-- WHAT THIS TASK INVOLVES --
Your answer must be the lines from the one containing "이날 강수현 시장은 페트병" through the last line below, copied exactly, with no pictures.

-- INFORMATION SUPPLIED --
• • •

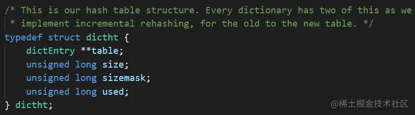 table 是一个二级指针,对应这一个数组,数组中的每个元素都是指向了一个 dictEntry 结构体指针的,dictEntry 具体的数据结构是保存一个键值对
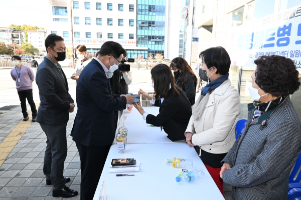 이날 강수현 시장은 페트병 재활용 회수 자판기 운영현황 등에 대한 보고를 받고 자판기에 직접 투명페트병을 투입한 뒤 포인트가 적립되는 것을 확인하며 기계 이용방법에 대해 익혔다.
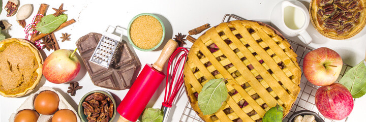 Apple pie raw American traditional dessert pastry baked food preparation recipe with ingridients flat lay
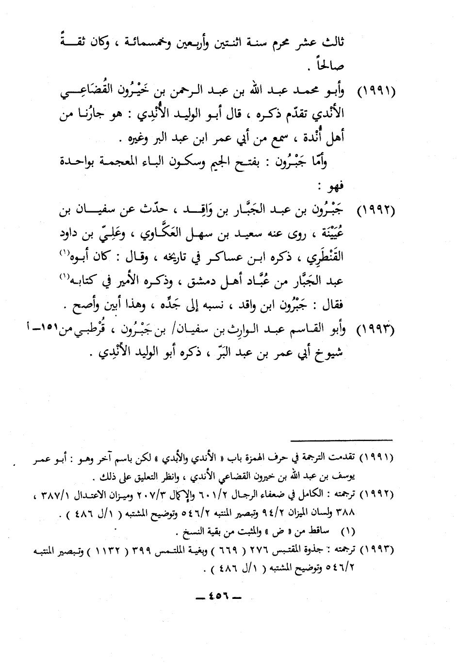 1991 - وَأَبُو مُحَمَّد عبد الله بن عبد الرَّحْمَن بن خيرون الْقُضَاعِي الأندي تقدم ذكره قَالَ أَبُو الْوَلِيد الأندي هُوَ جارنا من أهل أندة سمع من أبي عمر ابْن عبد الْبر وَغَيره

• • •

-- COMPLETED EXERCISE --
 이날 강수현 시장은 페트병 재활용 회수 자판기 운영현황 등에 대한 보고를 받고 자판기에 직접 투명페트병을 투입한 뒤 포인트가 적립되는 것을 확인하며 기계 이용방법에 대해 익혔다.
 Apple pie raw American traditional dessert pastry baked food preparation recipe with ingridients flat lay
 1991 - وَأَبُو مُحَمَّد عبد الله بن عبد الرَّحْمَن بن خيرون الْقُضَاعِي الأندي تقدم ذكره قَالَ أَبُو الْوَلِيد الأندي هُوَ جارنا من أهل أندة سمع من أبي عمر ابْن عبد الْبر وَغَيره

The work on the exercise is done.